ABSTRACT

Just as Freud reveals the fundamental kinship between the purportedly normal subject and the neurotic, Lacan indicates this subject’s kinship with the psychotic. Psychosis, for Lacan, involves the foreclosure (Verwerfung) of the master signifier. Whereas for most subjects, the signifier of law is authoritative and legitimate, but for the psychotic it is not. This rejection causes the subject to completely misinterpret the law. For the psychotic, the law exists, but it does not emanate from a social authority. Instead, it represents an arbitrary restriction that an illegitimate external authority imposes on the subject. Though Lacan is careful to distinguish the structure of psychosis from that of neurosis (and thus from normalcy), his investigation of psychosis nonetheless shows that all subjects of modernity share a delusion that mirrors that of the psychotic. In his seminar on the psychoses, he notes that considering oneself an autonomous individual is requisite for the modern subject. And yet, he claims, “the discourse of freedom … is personal and yet common, and always, whether imperceptibly or not, delusional.” Freedom is delusional insofar as the subject envisions itself in an external relation with the law.
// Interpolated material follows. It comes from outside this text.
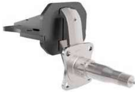
4" Lift Long
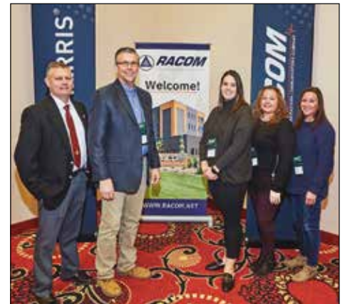
RACOM: Rugged, robust, resilient technology with reliable, responsive & relentless support.

This delusion places the modern subject in the same boat as the psychotic and thoroughly derails the project of freedom. But an exploration of what Lacan says about psychosis points toward another conception of freedom—a freedom that conceives the law not as an external prohibition but as the subject’s internal obstacle, as a nonsensical signifier that provides the basis for the subject’s symbolic universe. The investigation of psychosis not only reveals the psychotic dimension of the normal but also points toward an alternative.